Меня поэтому очень интриговал вопрос, как товарищи чекисты вывернутся из трудного положения. Они-то, пожалуй, могут игнорировать теорию, но согласится ли теория игнорировать чекистов? Я очень интересовался, например, таким пунктом в этом новом, таком основательном деле, не уместно ли будет применить последние слова педагогической науки, ну, скажем, положение Шульгина о том, что самоуправление не должно быть шкрабьим и обязано пройти стадию подполья. Паркет, зеркала, роспись стен и потолков, хорошая мебель будет ли принесена в жертву ненасытному идолу педагогической науки, или чекисты из узкоматериальных соображений откажутся от последних выводов науки. Этот захватывающий вопрос был скоро разрешен, и, увы, разрешен без достаточного уважения к науке. Товарищ Барт усадил меня в глубокое кресло в своем кабинете и сказал:
– Видите, какая у меня к вам просьба: коммуна – это памятник Дзержинскому. Он сделан так, как надо, вы знаете, мы поставили там самое лучшее и дорогое. Если мы возьмем ребят прямо с улицы, пока мы их не воспитаем, там ничего не останется. А коммуна, конечно, нужна и пригодится надолго для тех же беспризорников. Мы знаем, у вас хороший, дисциплинированный коллектив, хоть и правонарушителей, а главное – дисциплинированный. Так вот мы решили, вы нам дайте для начала человек сорок-пятьдесят, а потом мы уже будем пополнять с улицы. Вы понимаете? У них сразу будут и самоуправление и порядок. Понимаете?

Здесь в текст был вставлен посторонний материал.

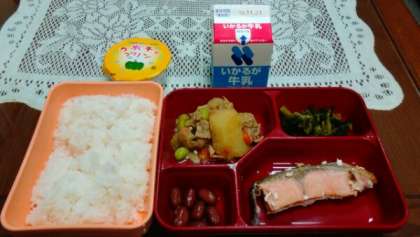 今日の献立は、鮭の塩焼き、豚じゃが、小松菜のおひたし、金時豆の煮もの、かぼちゃのプリンです。

Еще бы я не понимал! Я прекрасно понял, что этот бритый носатый человек никакого понятия не имеет о педагогической науке. Собственно говоря, в этот момент я совершил преступление: я сознательно скрыл от товарища Барта, что существует педагогическая теория, я ни словом не обмолвился о «подпольном самоуправлении»[252]. Я сказал «есть» и тихими шагами удалился, оглядываясь по сторонам и улыбаясь коварно.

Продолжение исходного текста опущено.